*** Data supplied Section Begins ***

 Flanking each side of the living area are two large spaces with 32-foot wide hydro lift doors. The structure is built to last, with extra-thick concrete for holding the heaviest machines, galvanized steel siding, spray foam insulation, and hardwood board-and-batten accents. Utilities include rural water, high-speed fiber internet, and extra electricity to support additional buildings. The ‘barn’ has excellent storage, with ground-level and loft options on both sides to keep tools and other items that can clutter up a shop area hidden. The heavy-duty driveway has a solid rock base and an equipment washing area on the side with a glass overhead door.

*** Data supplied Section Ends ***
*** Data supplied Section Begins ***

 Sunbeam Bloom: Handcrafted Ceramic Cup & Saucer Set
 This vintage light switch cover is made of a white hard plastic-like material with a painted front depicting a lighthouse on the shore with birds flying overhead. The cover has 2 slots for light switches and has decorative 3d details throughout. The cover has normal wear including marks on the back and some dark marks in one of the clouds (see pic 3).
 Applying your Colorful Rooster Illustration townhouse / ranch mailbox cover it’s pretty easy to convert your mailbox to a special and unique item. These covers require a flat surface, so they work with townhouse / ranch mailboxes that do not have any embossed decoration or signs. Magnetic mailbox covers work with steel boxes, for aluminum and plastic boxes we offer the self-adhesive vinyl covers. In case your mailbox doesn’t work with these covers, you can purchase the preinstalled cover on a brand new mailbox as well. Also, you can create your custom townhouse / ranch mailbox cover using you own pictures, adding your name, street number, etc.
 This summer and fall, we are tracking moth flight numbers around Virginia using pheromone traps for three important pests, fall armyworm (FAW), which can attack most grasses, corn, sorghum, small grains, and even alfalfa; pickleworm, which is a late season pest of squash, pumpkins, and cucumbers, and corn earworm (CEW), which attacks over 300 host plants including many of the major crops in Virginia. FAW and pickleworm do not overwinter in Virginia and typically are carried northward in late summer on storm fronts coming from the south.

*** Data supplied Section Ends ***

• About this exercise:
Using the entries above, give back exactly the line containing "Sunbeam Bloom: Handcrafted", the line containing "This summer and", and every line between them, and nothing else.

• Written answer:
 Sunbeam Bloom: Handcrafted Ceramic Cup & Saucer Set
 This vintage light switch cover is made of a white hard plastic-like material with a painted front depicting a lighthouse on the shore with birds flying overhead. The cover has 2 slots for light switches and has decorative 3d details throughout. The cover has normal wear including marks on the back and some dark marks in one of the clouds (see pic 3).
 Applying your Colorful Rooster Illustration townhouse / ranch mailbox cover it’s pretty easy to convert your mailbox to a special and unique item. These covers require a flat surface, so they work with townhouse / ranch mailboxes that do not have any embossed decoration or signs. Magnetic mailbox covers work with steel boxes, for aluminum and plastic boxes we offer the self-adhesive vinyl covers. In case your mailbox doesn’t work with these covers, you can purchase the preinstalled cover on a brand new mailbox as well. Also, you can create your custom townhouse / ranch mailbox cover using you own pictures, adding your name, street number, etc.
 This summer and fall, we are tracking moth flight numbers around Virginia using pheromone traps for three important pests, fall armyworm (FAW), which can attack most grasses, corn, sorghum, small grains, and even alfalfa; pickleworm, which is a late season pest of squash, pumpkins, and cucumbers, and corn earworm (CEW), which attacks over 300 host plants including many of the major crops in Virginia. FAW and pickleworm do not overwinter in Virginia and typically are carried northward in late summer on storm fronts coming from the south.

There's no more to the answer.